First home buyers purchasing newly constructed homes that meet State energy efficiency and sustainability standards will still be eligible for the existing $7,000 grant.

Accordingly we can summarise the position as follows:

NSW Government First Home Owner Grant7,000
Federal Government First Home Owners Boost14,000
NSW Government New Home Buyers Supplement3,000
Total Grant’s available24,000

NSW Government Stamp Duty Concession17,990
$41,990

There are substantial penalties for knowingly making false or misleading statements in connection with an application for any of the above benefits.

Some concessions are still available for eligible purchasers where a property is purchased jointly and one party is ineligible for the concession.

This initiative together with the state government’s first home buyers stamp duty concessions for acquisitions up to $500,000 (representing a potential saving of $17,990) is envisaged to bring more home buyers into the market and boost economic activity generally.

• New Training Places will be created at a cost of $187 million.

This measure will double the Productivity Places Program numbers from 57,000 to 113,000.

• The Nation Building Program of the federal government will be fast tracked.

Key areas to be of focus include

  • Education and Research
  • Health and Hospitals
  • Transport and Communications

THE NSW MINI BUDGET

On November 11, 2008 key changes to state government taxes and charges were announced as part of the NSW Mini Budget:

• Share transfer duty will now be abolished from July 1, 2012 instead of the previously announced January 1, 2009.

• Mortgage duty on business loans to be abolished from July 1, 2012 instead of the previously announced July 1, 2009.

• Transfer duty on business assets to be abolished on July 1, 2012 instead of the previously announced January 1, 2011.

• Land Tax will increase for the 2009 land tax year (in respect of land owned at December 31, 2008) to a new marginal rate of 2% for land owners with total taxable land holdings above $2.25million. Land below the premium threshold will continue to be taxed at 1.6% above the $368,000 threshold.

Nominal duties will also increase from January 1, 2009. Duplicates and transfers will increase from $2 each to $10 each. Change of trustee from $10 to $50 each and initial settlement of trust deeds to increase from $200 to $500 each.

• Mining royalties to increase from January 1, 2009 as follows:

  • From 7% to 8.2% for open cut mining.
  • From 6% to 7.2% for underground mining.
  • From 5% to 6.2% for deep underground mining.

Those of you with a memory will recall that most of these state taxes and charges were to be abolished with the introduction of the GST which was on July 1, 2000, almost a decade ago!

State Payroll Tax Changes were recently announced. Currently payroll tax is levied at a rate of 6% on all salary wages and superannuation payments above the threshold of $50,000 per month or $600,000 annually. From January 1, 2009 the rate will drop to 5.75% and the annual threshold increased to $623,000.

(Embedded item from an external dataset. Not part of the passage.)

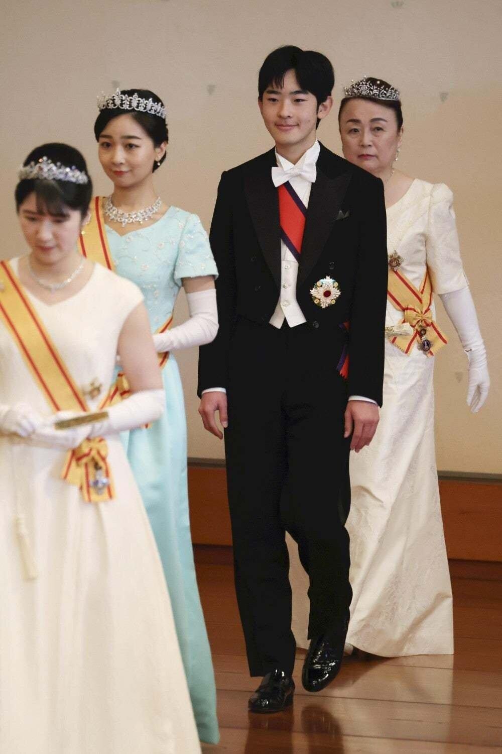 他来了,秋筱宫悠仁亲王迈着迷茫的步伐来了,眼神一如既往的清澈而又愚蠢。 亲女儿日子过得憋屈,侄子享受着家族的荣光,没有实权的德仁国王无法为爱子的未来铺路。 图:日本王室成员出席新年接待会,秋筱宫文仁亲王是王位第二顺位继承人。
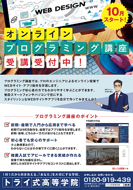 トライ式高等学院では、これまで「プログラミングコース」というコースを数期にわたって行ってきましたが、このたび10月からプログラミングコースの6期がスタートすることになりました!!

• The Payroll Tax Incentive Scheme was introduced to assist new and existing businesses to establish and grow in locations where unemployment is above the state average.

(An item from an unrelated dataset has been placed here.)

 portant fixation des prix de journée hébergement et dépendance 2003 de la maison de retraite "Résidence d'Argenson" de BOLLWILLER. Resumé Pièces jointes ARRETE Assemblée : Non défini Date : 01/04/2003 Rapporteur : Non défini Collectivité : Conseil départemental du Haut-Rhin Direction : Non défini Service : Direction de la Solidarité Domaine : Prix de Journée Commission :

The scheme provides a rebate to offset the payroll tax paid by eligible employers for employees working in eligible locations over a five year period.

The scheme assists

  • start-up businesses in their first year of operation
  • businesses relocating from interstate or overseas
  • businesses expanding their payroll and becoming liable to pay payroll tax for the first time.

It is not available to an employer or group who was liable for payroll tax in pervious years.

OTHER TAX MATTERS

• The Henry Review was commissioned by the federal government to review the “root and branch” of the Australian Tax System. While this review is only the start of the process the Henry Review has highlighted that Australia has at least 125 taxes and only 10 of these make up 90% of revenues collected.

• Land Tax Assessments for the 2009 land tax year (based on land holdings and valuations as at December 31, 2008) will issue from the office of State Revenue (OSR) over the next few months. Given the state of the property market land holders should review the OSR valuation and consider objecting if the value is completely off the mark.

• Finance & Interest Rates should be reviewed in these tough times. While the banks have passed on the majority of the Reserve Bank of Australia’s cut in official rates to the residential property market sector the same can not be said for commercial or business finance sector.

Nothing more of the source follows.